Men who train regularly are more likely to experience a reduced risk of hypertension and heart attack, according to a study by a team at the University of Cambridge.
The findings are published in the journal Health Psychology.
Men who train frequently also have higher levels of cardiovascular fitness, and a lower risk of developing hypertension, the authors say.
The new study, led by the Department of Epidemiology and the Centre for Health Research, was a collaboration between the Centre and the University.
The researchers recruited more than 3,000 men aged 25-62 who took part in the Cambridge Health Study between 2008 and 2017, as part of the University’s Cardiovascular Health Study.
They then compared the results of the men who had trained regularly with those who hadn’t.
They found that men who were regularly active had a lower prevalence of hypertension, while men who didn’t train regularly had a higher prevalence.
The study team said they hoped this might help people to understand the link between exercise and health.
The study team also looked at the links between exercise-related risk factors and cardiovascular risk factors, such as blood pressure and blood cholesterol.

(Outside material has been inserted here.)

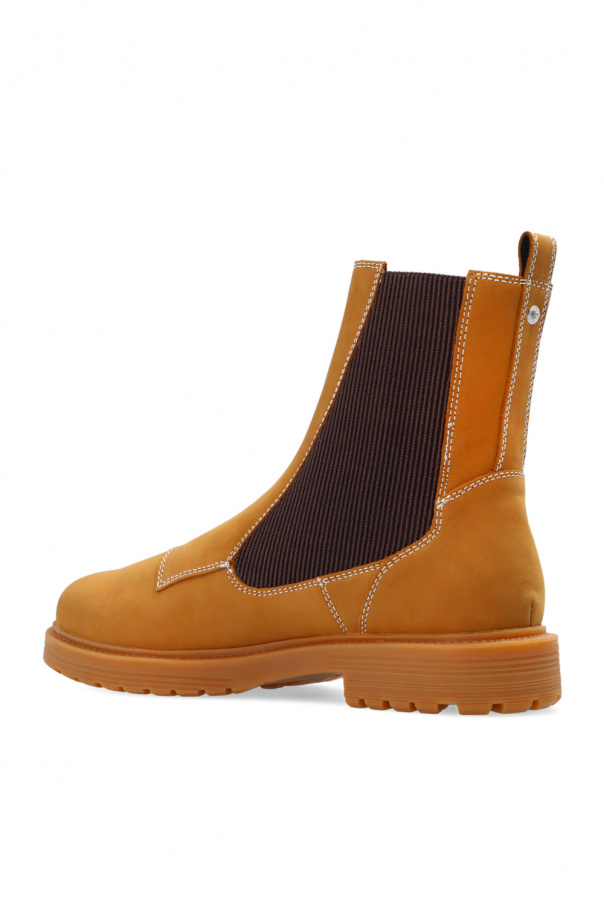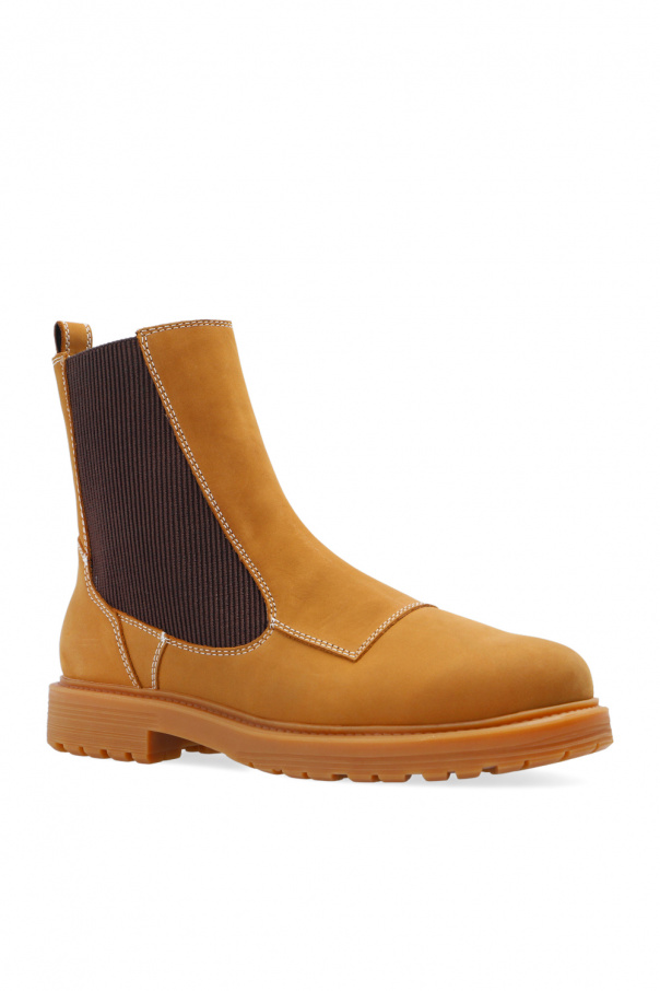 Light brown ‘D-Alabhama’ Chelsea boots from Diesel. Made of cow leather, this model features brown elastic panels on the sides and a light brown rubber sole at the base.

The research was funded by the European Commission, the Medical Research Council, the European Research Council and the National Institute for Health Sciences.
Professor Daniel Luscombe, lead author of the study, said: “People who train more often are more physically fit and healthier, and have a lower incidence of cardiovascular disease and chronic diseases like hypertension.”
In this study, we were able to show that people who were more active had lower levels of risk factors for cardiovascular disease.
“The fact that they had a more stable heart rate, and were also more physically active could potentially be important for people who are at risk of a heart attack.”
For more on the research, including the findings from the study conducted by the team, read Next Big.